C) Clinical measures include self-report depression and anxiety questionnaires.

D) Sleep and activity data will be collected via daily logs and accelerometry.

Intervention:

Following the completion of the baseline sessions (TheRoyal/uOttawa), participants will begin their interventions, which will include starting their medication (placebo or CONTRAVE®, based on randomization) and LEAF diet program. Participants will obtain their 4-week prescriptions from The Royal pharmacy after their in-person screening visit at The Royal.

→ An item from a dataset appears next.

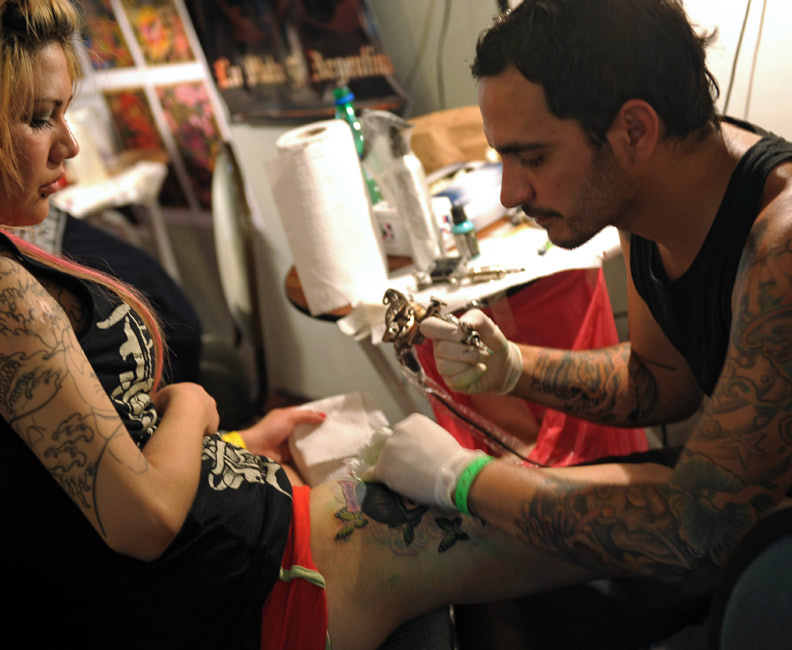 當(dāng)?shù)貢r間3月7日,第六屆國際紋身展在阿根廷首都布宜諾斯艾利斯舉行。來自美國、法國、西班牙、墨西哥、智利、巴西等國家的紋身高手前來獻(xiàn)藝。

However, they will be told not to commence their treatment until they complete both baseline testing sessions and are instructed to start the medication (i.e., start of intervention week 1). The prescription for the CONTRAVE® and placebo will be filled out by the responsible physician, Dr. Judy Shiau; this will be faxed/send directly to the The Royals' pharmacy prior to the participants' arrival for their in-person screening visit.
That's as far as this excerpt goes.